**EXERCISE REQUIREMENTS:** Please restate word for word the lines from the top of the entries through the line that contains "美國密蘇里州州長Mike Kehoe、國會眾議員Ann Wagner、弗洛里森特市長Timothy", and do not include any pictures.

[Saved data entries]

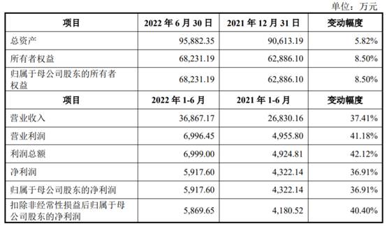 2022年1-6月,毕得医药的营业收入为36,867.17万元,同比增长37.41%;实现净利润/归属于母公司股东的净利润5,917.60万元,同比增长36.91%;扣除非经常性损益后归属于母公司股东的净利润5,869.65万元,同比增长40.40%。
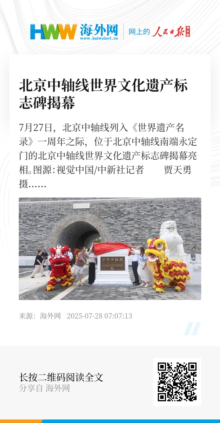 32882073,.北京中轴线世界文化遗产标志碑揭幕,.2025-07-28 07:58:13,.204428,.张青津、卢思宇
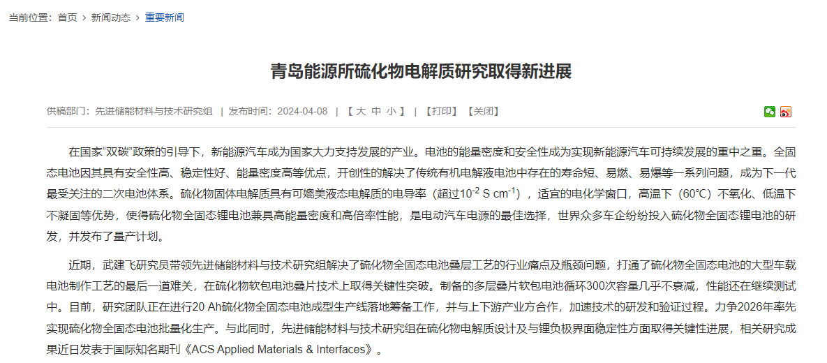 中國粉體網訊  自4月9日廣汽埃安旗下昊鉑品牌宣布將于4月12日發布“昊鉑全固態電池”后,4月10日,中國科學院青島生物能源與過程研究所(簡稱:中科院青島能源所)也發布消息,稱研究所先進儲能材料與技術研究組在硫化物電解質研究取得新進展,解決了硫化物全固態電池疊層工藝的行業痛點及瓶頸問題,打通了硫化物全固態電池的大型車載電池制作工藝的最后一道難關,在硫化物軟包電池疊片技術上取得關鍵性突破。
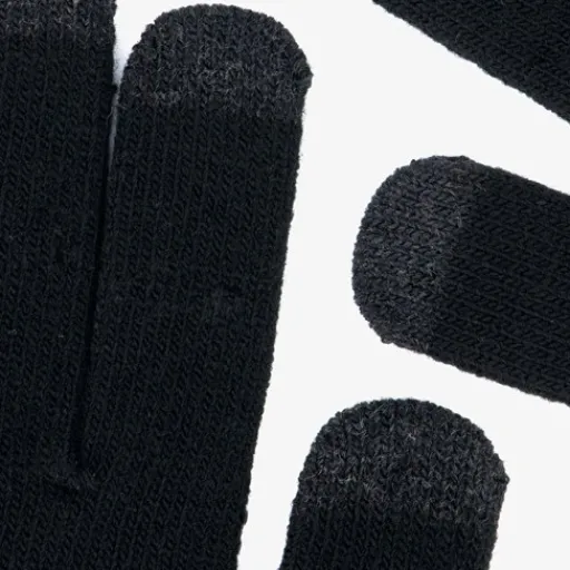 Zwarte heren handschoenen met touchscreen vingertoppen. Met deze handschoenen blijf jij lekker scrollen op je smartphone terwijl jouw handen lekker warm blijven. Gemaakt van 70% acryl, 29% polyester en 1% elastaan.
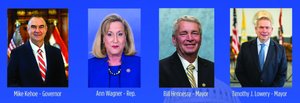 美國密蘇里州州長Mike Kehoe、國會眾議員Ann Wagner、弗洛里森特市長Timothy J. Lowery,以及奧法倫市長Bill Hennessy向神韻藝術團頒發褒獎與賀信。(大紀元合成圖)
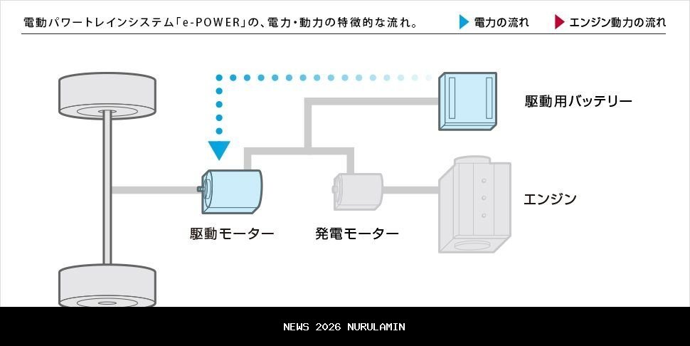 Secara spesifik, e-POWER terbaru yang digunakan di Nissan Note di Jepang bisa menjadi solusi yang tepat. Penggerak utama e-POWER ini adalah motor listrik dengan daya 85 kW atau 114 dk dan torsi puncak 280 Nm. Motor ini didukung oleh mesin sebagai generator berkapasitas 1.198 cc yang menghasilkan daya sebesar 60 kW atau 80 dk dan torsi 103 Nm.
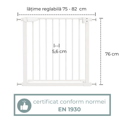 Poarta de siguranta copii Kidizi Rexa are latime reglabila intre 75 si 82 cm si o inaltime de 76 cm, fiind potrivita pentru delimitarea accesului in usi, holuri sau in partea superioara sau inferioara a scarilor. Structura este conceputa astfel incat sa ofere stabilitate si siguranta, fara a afecta finisajele existente. Este certificata conform standardului european EN 1930,
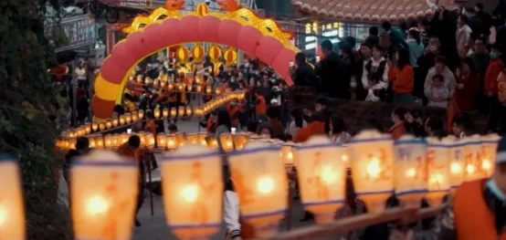 永泰椽板龙为省级非遗,明末清初源于埔埕。龙身取古建椽板,通体髹红,缀四灯覆红绸,龙头威仪。元宵时三姓共举,锣鼓开道,穿巷绕户。村民焚香迎龙,共祈安康。此俗凝聚乡情,赓续邻里同心之传统,红火烛光映照百年乡愁。
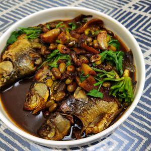 鱼两面煎好后加入生抽、老抽、少许糖、盐,加入剥好蒜头,注入没过鱼的开水,锅开后小火炖煮。
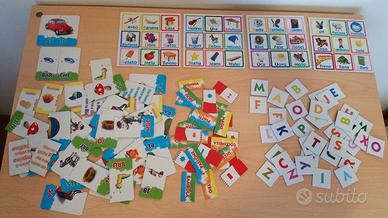 Un kit educativo completo ricco di tessere ad incastri autocorrettivi univoci per associare le iniziali alle parole, per ricostruire le immagini imparando a comporre parole e a dividerle in sillabe, 26 tessere ad incastro per imparare l'alfabeto.
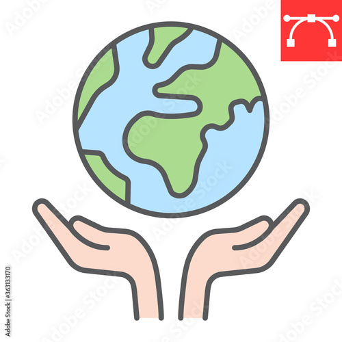 Save the planet color line icon, earth and ecology, earth in hands sign vector graphics, editable stroke colorful linear icon, eps 10.
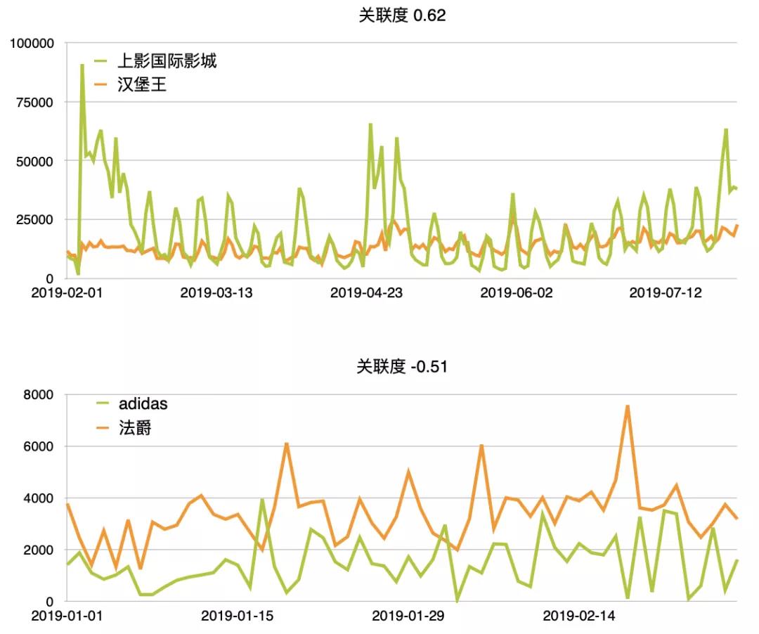 相關(guān)性分析可以在眾多數(shù)據(jù)中找到兩個(gè)不同品牌、樓層的統(tǒng)一性,從而確定兩者是否存在強(qiáng)相關(guān)。舉例來(lái)說(shuō),可以分析兩個(gè)位置不相關(guān)、品類不相關(guān)的品牌,在銷售周期區(qū)間是否有同樣的銷售波動(dòng)曲線。
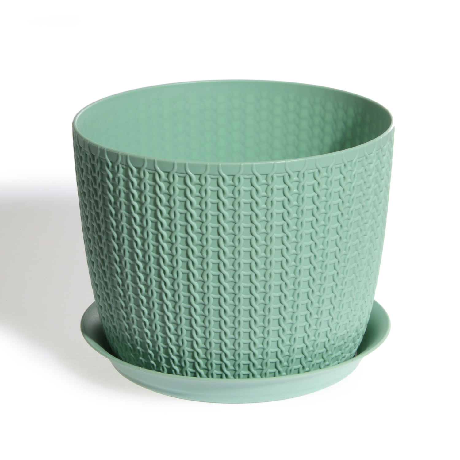 Оригинальная текстура, которая имитирует вязание спицами – изюминка этого изделия. Современное кашпо, украшенное нежной вязкой, подчеркивает красоту цветов и добавляет уюта вашему интерьеру. Кашпо из прочного пластика не боится прямых солнечных лучей и перепадов температур. Легкие и прочные, комплектуются поддонами.
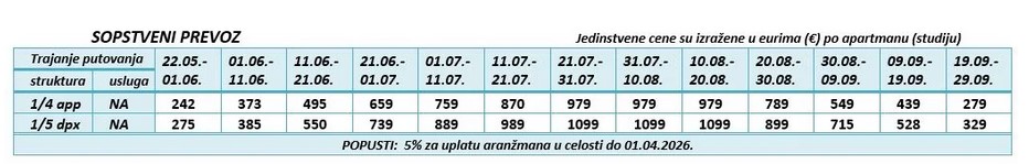 - – za uplatu do 01.04.2026. popusti zavise od izabrane smene, objekta i načina prevoza. Uz svaku tabelu sa cenama naznačeni su i iznosi popusta.
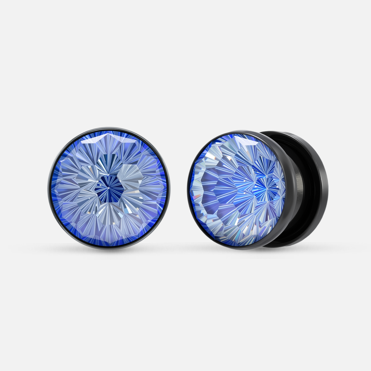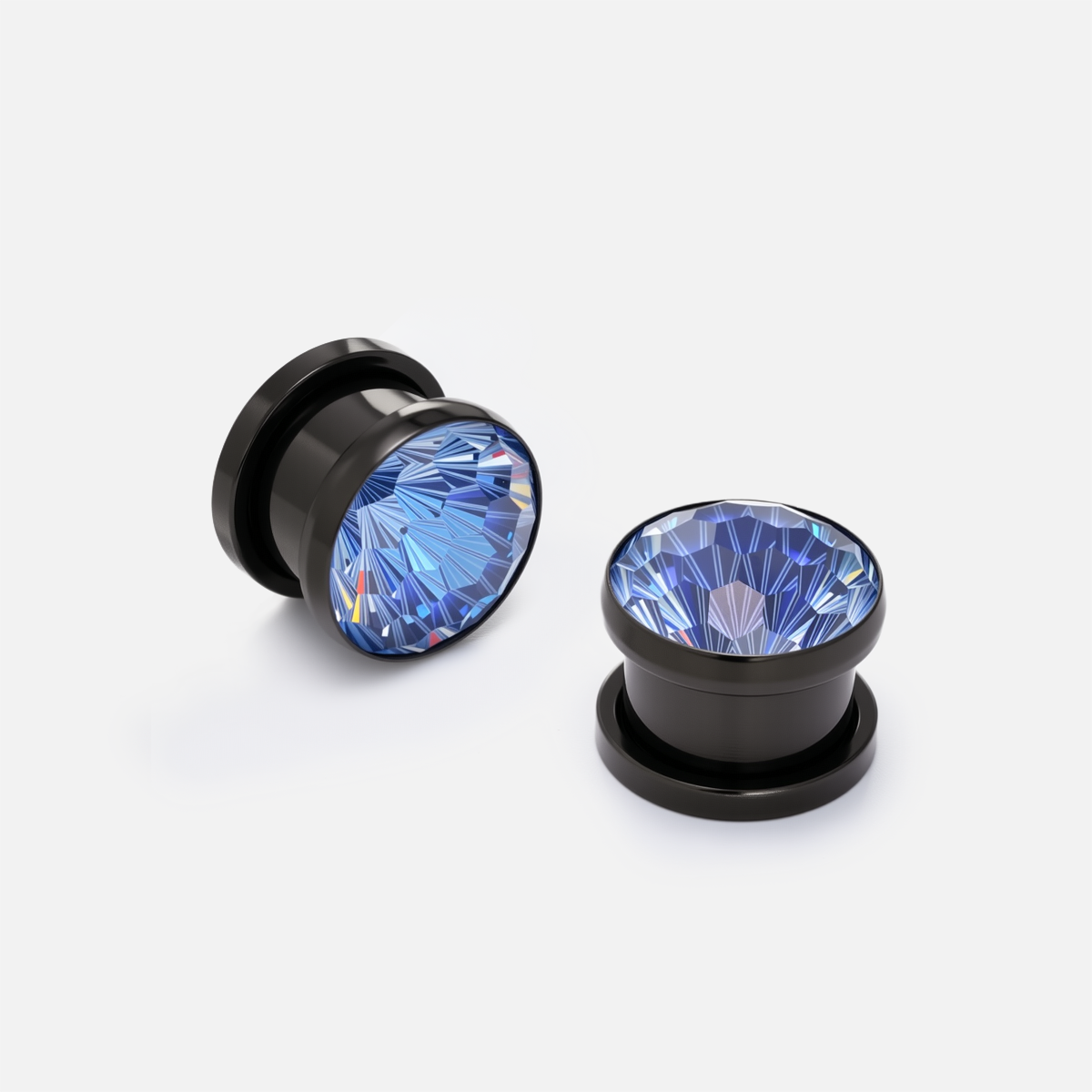 Frozen Star Plugs feature a faceted zircon with icy brilliance, set in a deep black tunnel base for striking contrast. This item is sold as a pair.
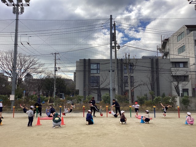 日中お日様が見えると、暖かさを感じるのですが、午前中は寒さと戦いながら、鉄棒に取り組みました。
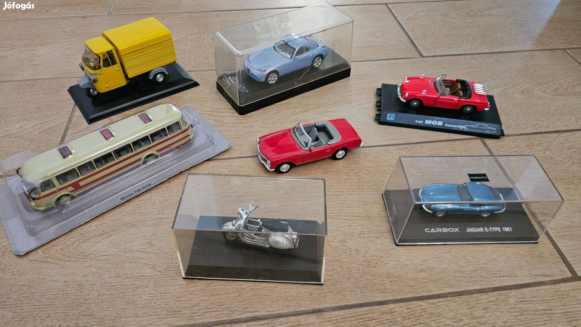 Vegyes méretarányú és gyártmányú modellek eladóak. Skoda busz 1/72 3500-, Alfa 1/43 5000-, Mercedes SL 3500-, MGB 1/43 3500-, Carbox Jaguar 1500-, Vespa PK 1500-, Vespa furgon 3000. Személyesen Dunaharasztiban vehető át.

**RESPONSE TO THE TASK:**
 2022年1-6月,毕得医药的营业收入为36,867.17万元,同比增长37.41%;实现净利润/归属于母公司股东的净利润5,917.60万元,同比增长36.91%;扣除非经常性损益后归属于母公司股东的净利润5,869.65万元,同比增长40.40%。
 32882073,.北京中轴线世界文化遗产标志碑揭幕,.2025-07-28 07:58:13,.204428,.张青津、卢思宇
 中國粉體網訊  自4月9日廣汽埃安旗下昊鉑品牌宣布將于4月12日發布“昊鉑全固態電池”后,4月10日,中國科學院青島生物能源與過程研究所(簡稱:中科院青島能源所)也發布消息,稱研究所先進儲能材料與技術研究組在硫化物電解質研究取得新進展,解決了硫化物全固態電池疊層工藝的行業痛點及瓶頸問題,打通了硫化物全固態電池的大型車載電池制作工藝的最后一道難關,在硫化物軟包電池疊片技術上取得關鍵性突破。
 Zwarte heren handschoenen met touchscreen vingertoppen. Met deze handschoenen blijf jij lekker scrollen op je smartphone terwijl jouw handen lekker warm blijven. Gemaakt van 70% acryl, 29% polyester en 1% elastaan.
 美國密蘇里州州長Mike Kehoe、國會眾議員Ann Wagner、弗洛里森特市長Timothy J. Lowery,以及奧法倫市長Bill Hennessy向神韻藝術團頒發褒獎與賀信。(大紀元合成圖)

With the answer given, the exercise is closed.